= What is required =
Print out each entry below exactly; do not carry over any image.

━━━ The input ━━━

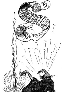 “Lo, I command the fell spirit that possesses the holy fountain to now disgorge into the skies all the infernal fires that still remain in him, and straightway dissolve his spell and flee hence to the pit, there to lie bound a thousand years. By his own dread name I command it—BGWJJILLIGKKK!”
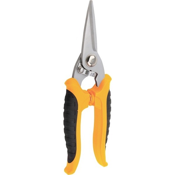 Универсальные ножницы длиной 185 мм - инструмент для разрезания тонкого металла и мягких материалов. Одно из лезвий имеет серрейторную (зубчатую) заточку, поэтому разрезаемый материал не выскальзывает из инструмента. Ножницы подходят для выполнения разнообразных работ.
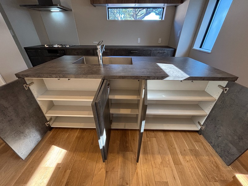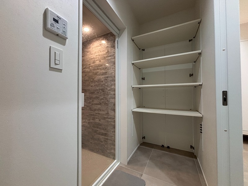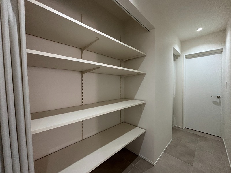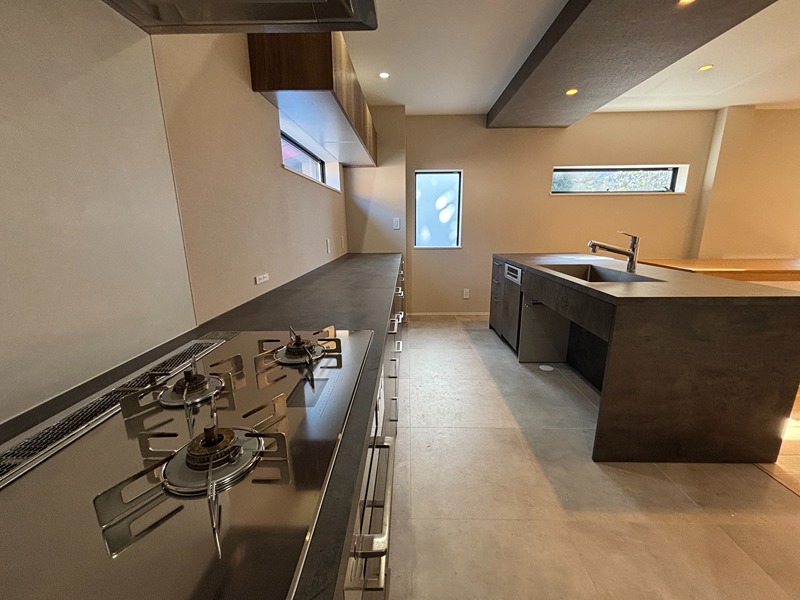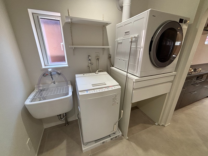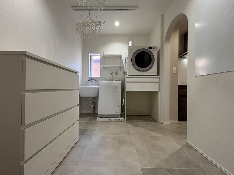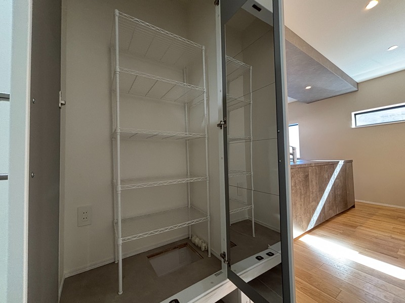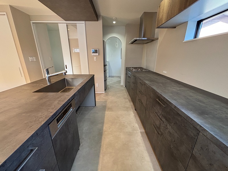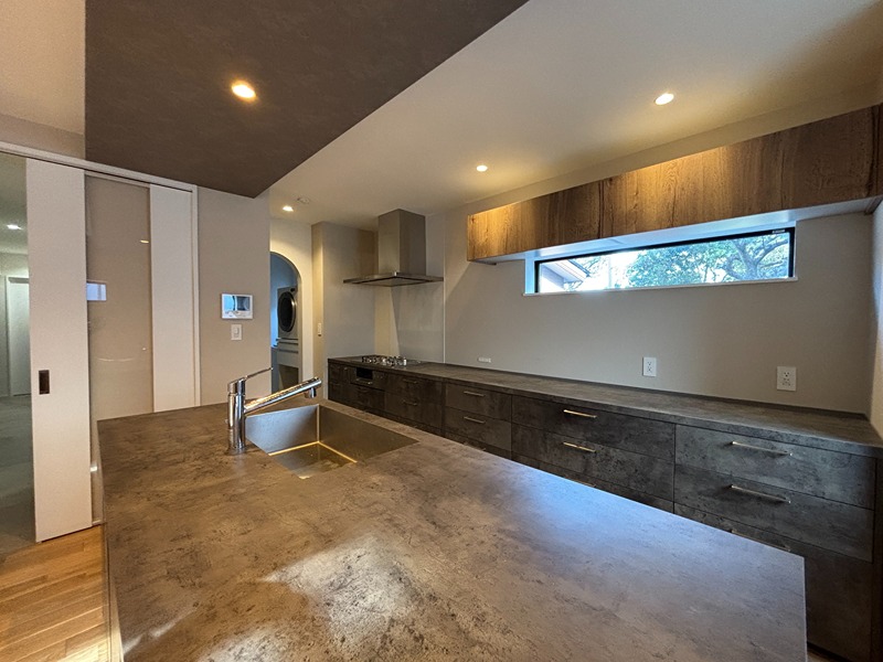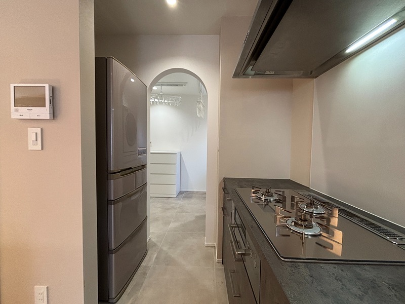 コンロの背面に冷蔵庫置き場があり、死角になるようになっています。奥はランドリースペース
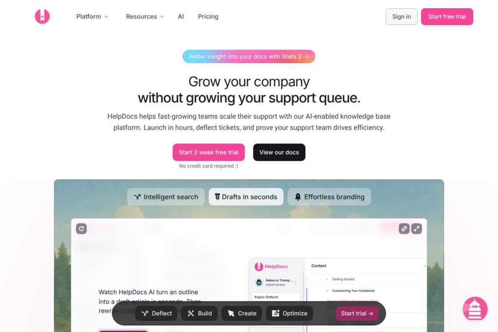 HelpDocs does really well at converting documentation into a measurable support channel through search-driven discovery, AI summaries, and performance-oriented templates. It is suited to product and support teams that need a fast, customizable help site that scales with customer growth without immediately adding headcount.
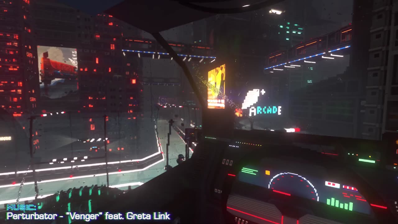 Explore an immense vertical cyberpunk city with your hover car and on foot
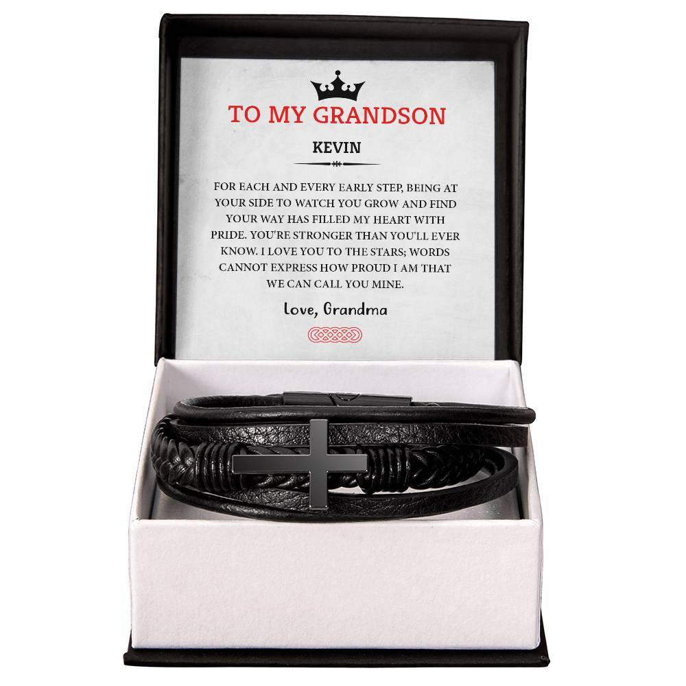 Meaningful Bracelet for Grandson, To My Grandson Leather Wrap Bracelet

━━━

= Solution for this problem =
 “Lo, I command the fell spirit that possesses the holy fountain to now disgorge into the skies all the infernal fires that still remain in him, and straightway dissolve his spell and flee hence to the pit, there to lie bound a thousand years. By his own dread name I command it—BGWJJILLIGKKK!”
 Универсальные ножницы длиной 185 мм - инструмент для разрезания тонкого металла и мягких материалов. Одно из лезвий имеет серрейторную (зубчатую) заточку, поэтому разрезаемый материал не выскальзывает из инструмента. Ножницы подходят для выполнения разнообразных работ.
 コンロの背面に冷蔵庫置き場があり、死角になるようになっています。奥はランドリースペース
 HelpDocs does really well at converting documentation into a measurable support channel through search-driven discovery, AI summaries, and performance-oriented templates. It is suited to product and support teams that need a fast, customizable help site that scales with customer growth without immediately adding headcount.
 Explore an immense vertical cyberpunk city with your hover car and on foot
 Meaningful Bracelet for Grandson, To My Grandson Leather Wrap Bracelet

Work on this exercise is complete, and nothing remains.